Interview with WWII veteran Ted Cummings about his influences, his decision to join the Marines, and his role in the war

The following interview with Theodore R. Cummings was conducted in November 2013. Mr. Cummings, a friendly, energetic, and overall lovely interview subject, died two years later in September 2015.

Since retiring from his position as chairman of the Manchester, Conn. Democratic Committee in 2007, a position he’d held for 47 years, lifelong Manchester resident Ted R. Cummings has been “staying out of the way,” he said, while spending time with friends and family. Fresh from a trip to Israel to visit a son who’s been living there with his family since 1974, Cummings agreed to spend some time talking to the Journal Inquirer about his childhood, his participation as a Marine in the Battle of Guadalcanal during World War II, and what inspired his interest in politics.

Q: What is your strongest memory of childhood?

A: The constant work of my father and mother. If I think back on it, if I lived to be 1,000, I could never meet their work habits. My father was an individual businessman, a milkman, and you know that’s when the milk was to be on the doorstep of the many, many people who then were working. When I was a kid, most of them worked in the Cheney Mills that were still productive, and in the insurance industry in Hartford, and at the expanding Pratt and Whitney aircraft engine plant in East Hartford. The milk had to be on the steps at 6 a.m. or before, so that figure just gives you an idea of how hard and how early the start of milkmen. Anyway, I remember how hard they worked, and that they expressed a quiet, forthright manner that they did pass on.

If you were to write your memoirs, what would the title be?

I think I’d probably dress it up, but the sense would be I’m a lucky man.

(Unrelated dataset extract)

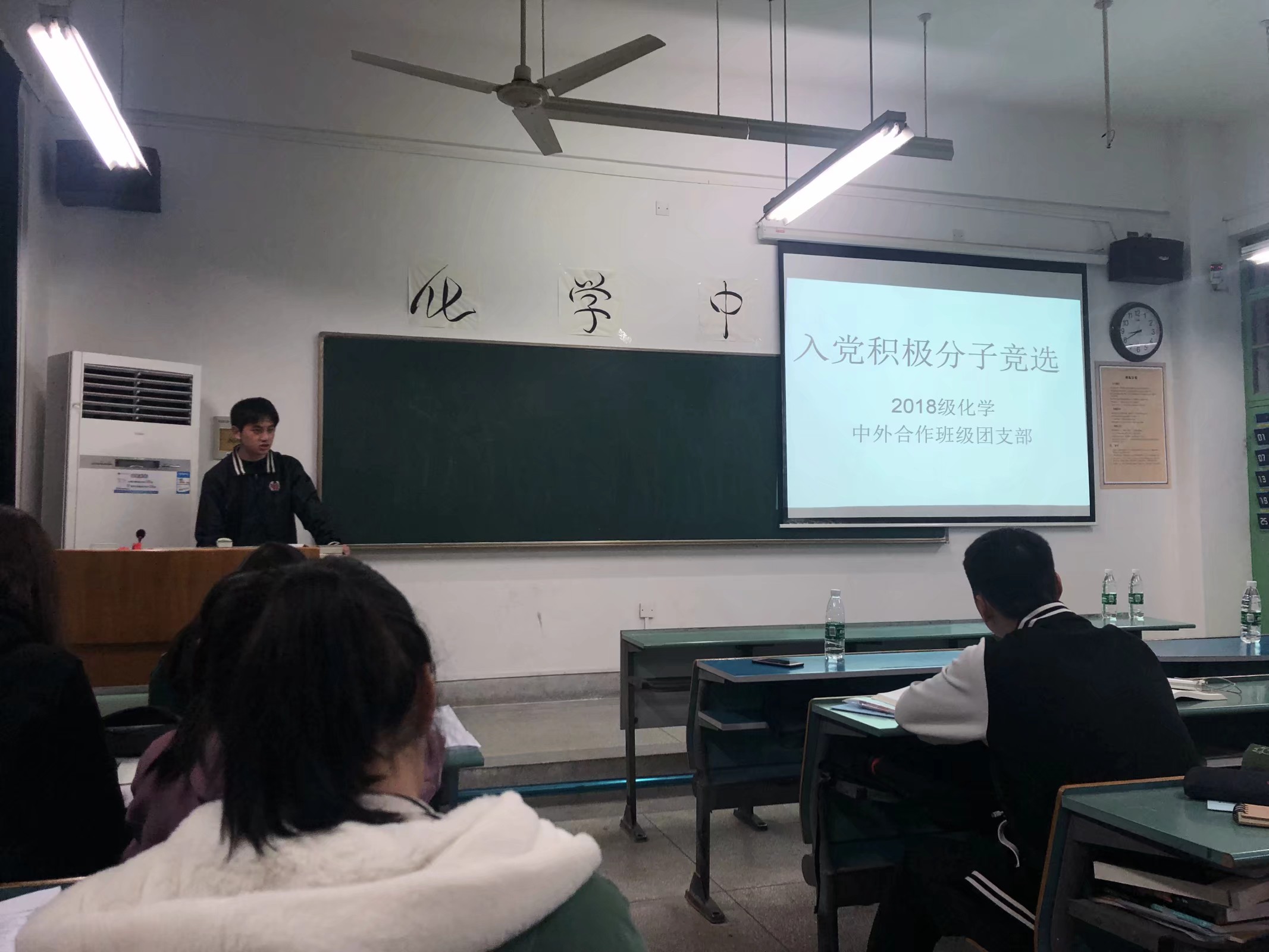 本网讯(18化学中外 魏妹 尚晨妍)为了让我班同学明确奋斗目标,帮助同学们适应的新学期的学习和生活,学习如何平衡学习专业课和备考雅思,2018级化学中外班学习委员潘文妤同学通过邀请一些优秀的学长、学姐们的现身说法,切实解决我班同学在学习、生活中所遇到问题。 首先,来自2015级化学师范的徐小云学姐为我们提供了一些经验和建议,如在大一阶段就应做好学习方面的规划并明确自己未来的发展方向;同时必须克服自己的畏惧心理,努力舒适区,积极和老师同学沟通交流,及时解决学习生活中的难题。此外,还要寻找适合自己的学习方法,最好提前接触英文文献,为出国学习做好准备。 随后,2015级化学师范的段雨彤学姐上台发表了她的大学四年的学习心得体会。其中,她强调学习习惯的养成是一切的基础。另外,我们须充分认识到成绩的重要性,未来的机会与机遇都处处与学业成绩挂钩。在学习中学会独处,在生活中多与亲人朋友沟通交流。最后她祝愿化学中外合作班的每位同学都能保持本心,不辜负自己的努力和付出。 交流会的最后,来自2017级英语中美的学长学姐们用自己的备考雅思经历为蓝本,讲述了一些英语学习的小技巧和备考中须注意的小细节。我班同学与学长学姐们积极互动,获取了许多有用的知识和信息。 在学习经验交流会后,团支书丁逸飞同学主持了“入党积极分子推优”活动,旨在吸收班级内较为优秀的同学成为入党积极分子,积极向党组织靠拢。此次推选活动秉持着公平公正的原则,采取抽签定序、匿名投票的形式。7位参选同学依次上台演讲,各自阐述了自己对于入党的思考和看法,以及对于自己过去学习生活及思想建设的反思和收获。演讲结束后,辅导员陶勇老师主持了本次的匿名投票环节,最终魏妹同学和程艺青同学当选入党积极分子。 最后,辅导员陶勇老师总结道:“组织上入党一生一次,思想上入党一生一世!”希望所有入党积极分子都能提高思想政治觉悟,加深对党的认识,自觉向党组织靠拢,在成为优秀共产党员的道路上坚定不移地走下去。

What makes you feel you’ve been lucky?

I’ve had so many people who have been so very good to me, taught me so much – tried to, anyway – and were very generous, respectful. And even though we were often on opposite sides, we at some point put those differences aside and ended up working together when we’ve both had interests in the same objective. I’ve been lucky that way. In general, people have been very, very good to me. I feel a little like the Lou Gehrig speech. He made a speech when he retired with [ALS] at Yankee Stadium. It was one of the most beautiful, off the cuff, speeches, and he began, “I’m the luckiest man on the face of the earth,” and went on to describe, very briefly, why. I remember the first words, and I guess that’s why I said what I did about feeling lucky.

What was your proudest accomplishment as Democratic chairman?

I think most of it. What I was involved with was done by others, and I had a small hand in it. I think what I’m most proud of is the fact that I was allowed to work with so many outstanding people who during their time built new schools and firehouses and pools and streets and recreation fields and social services, and so many other things in which I participated a bit.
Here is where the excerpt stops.